» **GOAL OF THE EXERCISE**: Nothing but the lines below from the one that contains "Borussia, Liverpool, Pumas." through the one that contains "однорычажный смеситель для" should be retyped, exactly and including both ends. Do not include pictures.

» **EXERCISE INPUTS**:
BEGIN
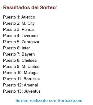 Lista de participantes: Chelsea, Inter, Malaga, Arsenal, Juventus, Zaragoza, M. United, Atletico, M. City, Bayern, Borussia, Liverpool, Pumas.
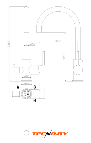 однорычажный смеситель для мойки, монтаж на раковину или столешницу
END
BEGIN
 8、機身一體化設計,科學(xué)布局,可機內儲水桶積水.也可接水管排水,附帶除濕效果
END
» **ANSWER BELOW**:
 Lista de participantes: Chelsea, Inter, Malaga, Arsenal, Juventus, Zaragoza, M. United, Atletico, M. City, Bayern, Borussia, Liverpool, Pumas.
 однорычажный смеситель для мойки, монтаж на раковину или столешницу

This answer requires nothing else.